Greene adds: “teachers were not just disappointed this year, but extremely angry at the way the Scottish Qualifications Authority and the SNP government treated them. Many have lost faith and confidence in the system. Many are asking where on earth they are supposed to find the time to teach the curriculum and do the job of an external agency too.” John Swinney, the Scottish Education Minister, has maintained that the new assessment programme “will be based on learner evidence, subject to quality assurance at local and national level, to deliver a credible and fair set of results... a model that has achieved a broad level of support across Scotland’s education professionals."
A Teach First trainee in Birmingham worries about preparing students for exams in the circumstances: “children don’t have equal access to WiFi and might have caring responsibilities... there is also the issue of children having to catch up [on] Covid-impacted work at different rates.”
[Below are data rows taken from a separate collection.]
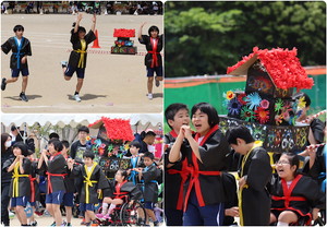 今年の学部種目のテーマは「おまつり」! GW明けから、生活単元学習や図画工作、体育など、様々な授業の時間を使って少しずつ準備を進めてきた子ども達。 大きいお神輿は全員で、小さいお神輿はクラスで担いで、会場を盛り上げました。 最後のダンスでは、元気いっぱいのキラキラ笑顔をたくさん見ることができました。
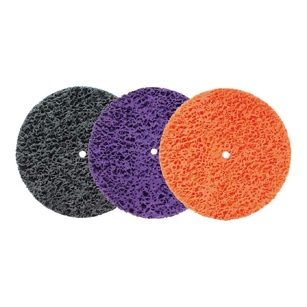 Disco de fibra no tejida y nylon prensado, ideal para limpieza y preparación de superficies. Elimina óxido, pintura y soldadura con acabado uniforme.
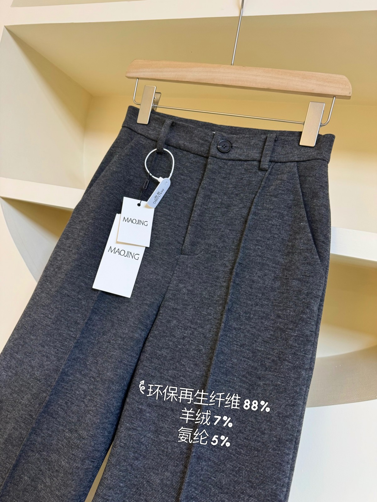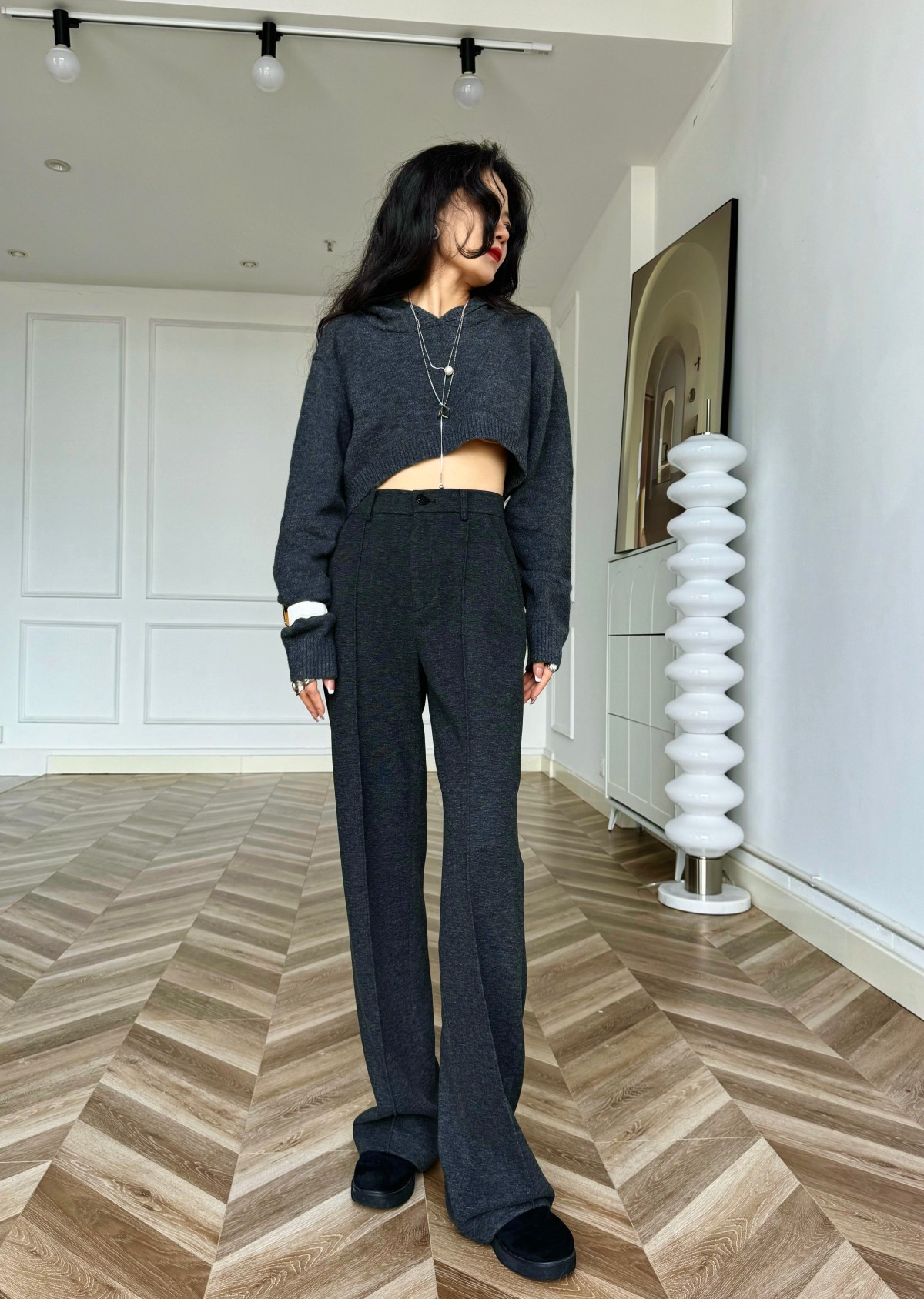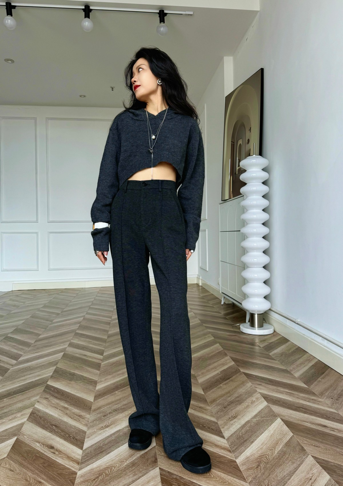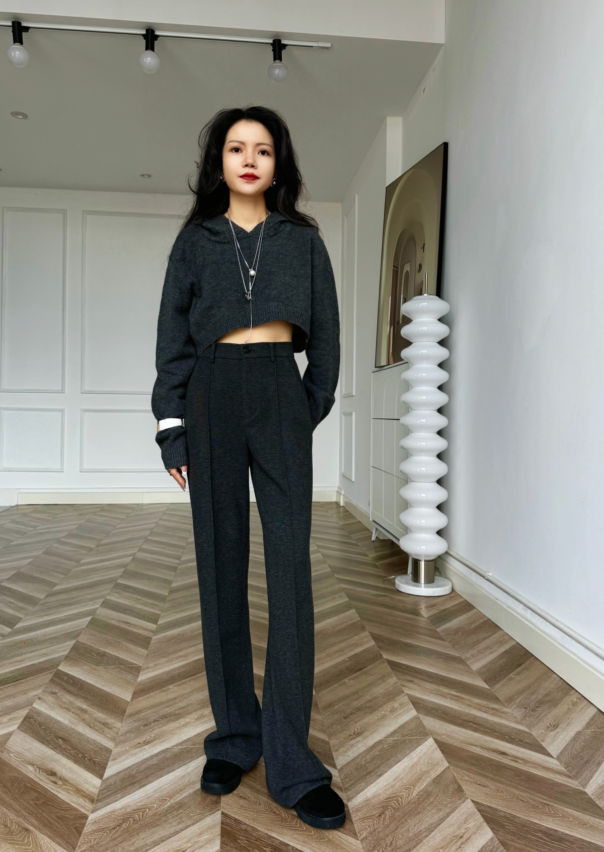 It's a Pair of Slim-Fit, No-Maintenance, Thickened Cashmere-Blend, High-Waisted, Gray, Toothpick-Striped, Warm, Stylish, Straight-Leg Long Trousers
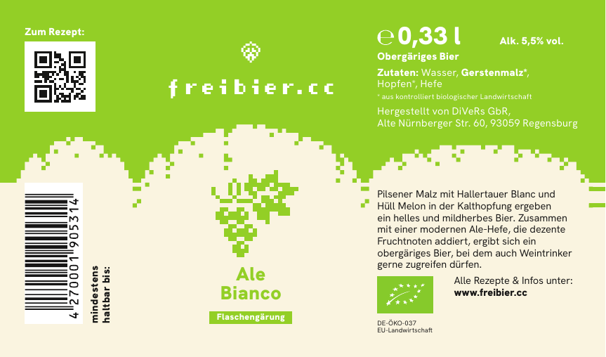 - Hopfengabe WHP: 100g Bio Hallertauer Blanc, Pellet Typ 90, Biohof Eckert, Ernte 2024
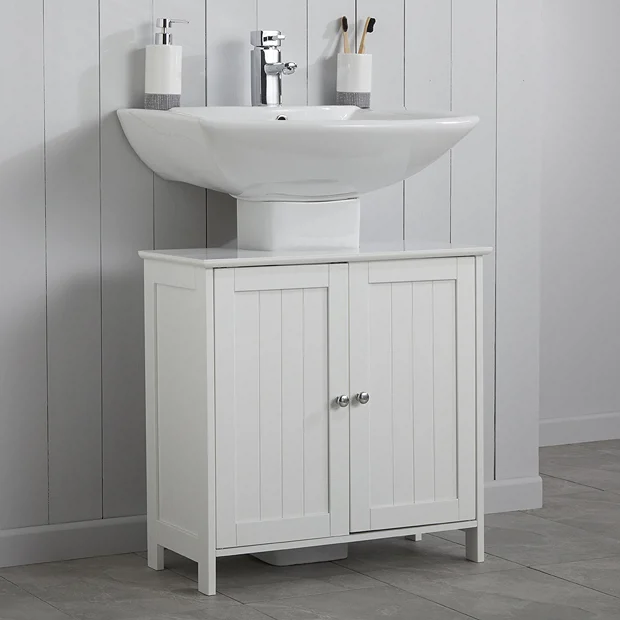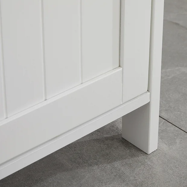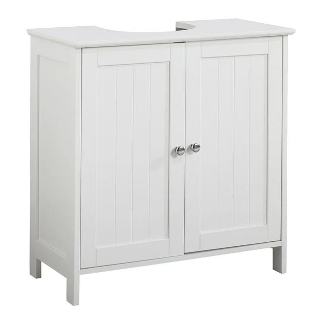 Add traditional design to your bathroom with the matt white under basin storage cabinet, features classic styling with a tongue-and-groove design. The under basin cabinet is a great space saver for the smaller bathroom or just to keep things neat and tidy! Provides generous storage space for your toiletries, helping to keep your bathroom clutter free. This under basin storage unit has internal shelving to store your bathroom essentials. Â

Further to this, the quality of education given online by trainee teachers is inevitably lower. As another tells me: “we haven’t had any training on how to teach lessons online.”
The Welsh government has recently published updated detail on assessments, which will be conducted differently to in Scotland. But Marta Kotlarek, a spokesperson for influential campaign group for child welfare UsForThem, told me of some of the remaining concerns: “There are views that [these] externally set and marked assessments which will be in the place of exams are an unfair alternative,” she says, adding that “pupils and parents have expressed their concerns about competing for places in a university in England against English students, who will receive their qualifications through examinations. Such an assessment... isn’t guaranteed to be as respected by non-welsh universities.”
Further, “there are concerns that some pupils who have access to greater support at home will perform better.” Several private schools in Wales have pivoted to English exam boards in recent years, a move that now ensures their students will sit the qualifications.
Kerry-Jane Packman, a spokesperson for Parentkind, raises the important and often overlooked point that exams are also the gateway to other opportunities aside from university, including entry-level jobs and apprenticeships. “Those going to university will clearly have the Covid-19 impact taken into consideration. Of more concern is the 50 per cent who do not go to university and the long-term impact on these young people as a result of loss of education, impact on exam results and the looming recession.”
The role of exams is a debate that has certainly received fresh oxygen in these extraordinary times, but the academic argument ought to be put aside for a consensus across the country. It may be just a matter of time. Now that Scotland and Wales have committed to cancelling exams, there cannot be a rollback—surely the governments of the UK can align over children’s futures?